Robert Sadoul: Você está procurando emoção ou matando a emoção que você tem dentro de si?
Louis-Ferdinand Céline: Ah, não, não, não. Eles procuram por ela. Ah, os pobres infelizes… eles nem são infelizes, não são capazes de matar, não são capazes de nada, são brutalizados demais para matar qualquer coisa. Eles balbuciam… copiam gestos para chegar… chutam as coisas, mas nunca conseguem nada. Mas você tem que encontrar a emoção, o tom emocional… e então permanecer aí. Então, uma vez encontrado o tom emocional que você procurava, você pega o estilo e torce, né?… de uma certa forma, ou aperta… essa é a grande dificuldade, a enorme dificuldade. A coisa se apresentou… Então a gente tem um estilo, se é que se pode dizer isso… a famosa história de “o estilo é o homem” durou um tempo, né?, e então, por exemplo, é impossível temos neste momento o mesmo estilo de 1900. Por quê? Porque muita coisa aconteceu, muita invenção cruzou o estilo, virou mingau. O estilo Paul Bourget, o estilo Anatole France, tudo isso é impossível porque… É possível quando fazemos arqueologia, quando nos apoiamos com nostalgia no passado. Obviamente, entendo muito bem o prazer que se pode sentir ao escrever assim. Mas não é atual. E a mensagem também não é atual, nem a mensagem nem nada parecido. O estilo emocional é a única coisa que resta ao homem, porque o problema… a mecânica abrange tudo. Vamos à descrição… cinema faz muito melhor, né? Os impressionistas deixaram o ateliê. Tinha os retratos, as pinturas… Le Radeau de la Méduse , certo?
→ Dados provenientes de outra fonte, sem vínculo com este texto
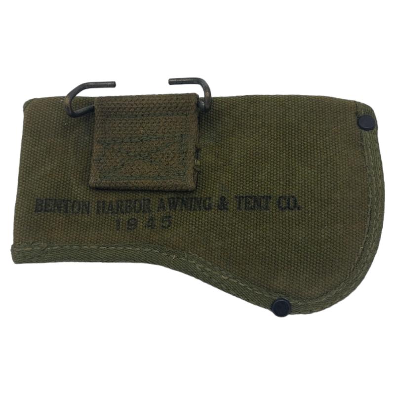 Late War American cover for an axe. The cover is maker (Benton Harbor Awning & Tent Co.) marked and dated 1945.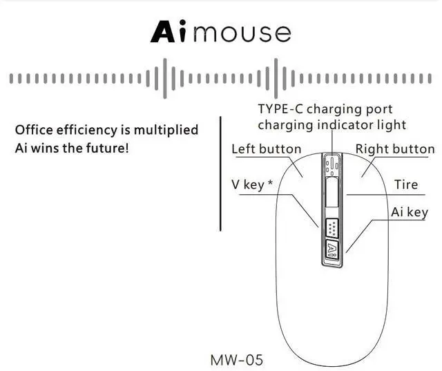 YOWOCHUNG Series MW-05 Wireless 2.4G +Bluetooth Connection Rechargeable Silent Slim Dual voice typing AI Smart Mouse for Laptop/iPad Tablet/Apple Mac Book/PC (White)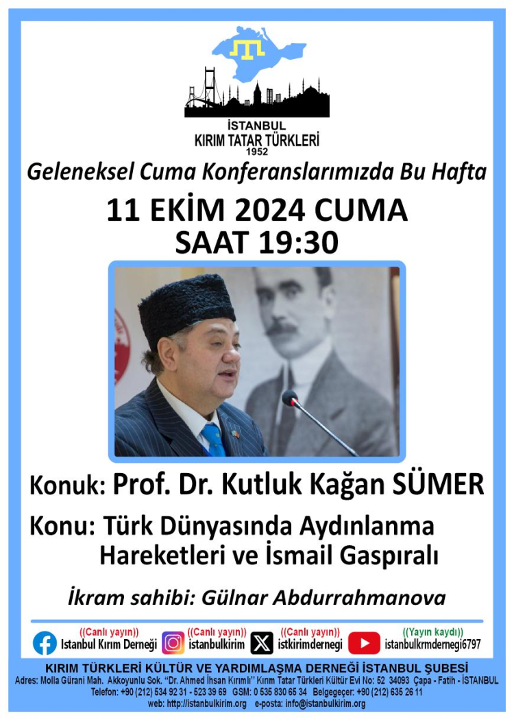 Kırım Derneği İstanbul Şubesi, 11 Ekim 2024 tarihinde Prof. Dr. Kutluk Kağan Sümer'in konuşmacı olarak katılacağı "Türk Dünyasında Aydınlanma Hareketleri ve İsmail Gaspıralı" konulu konferansa ev sahipliği yapacak.

Bem, ninguém quer mais fazer um Le Radeau de la Méduse. Óbvio que com o romance, agora, um romance excelente, um romance admirável como esse do… tipo… não quero machucar ninguém, mas ei, romances excelentes, né? São escritos com luz de ateliê.. … são escritas como a pintura da época de Jean-Paul Laurens. Maria Chapdelaine , por exemplo, que é… uma coisinha muito simpática, né?, mas ela não é emotiva, ela é uma descrição, a insistência nas situações, etc. Bom. Mas para isso tem muitos truques, tem a medicina, que avançou muito, a pesquisa, que se multiplicou, que informa tudo isso… não precisa ficar procurando nos livros, né ? Enquanto a emoção… ficamos com a emoção. Porque, por exemplo, é preciso dizer, né?, os atos essenciais da vida repousam na emoção, e não vou insistir mais… porque não quero assustar o rádio.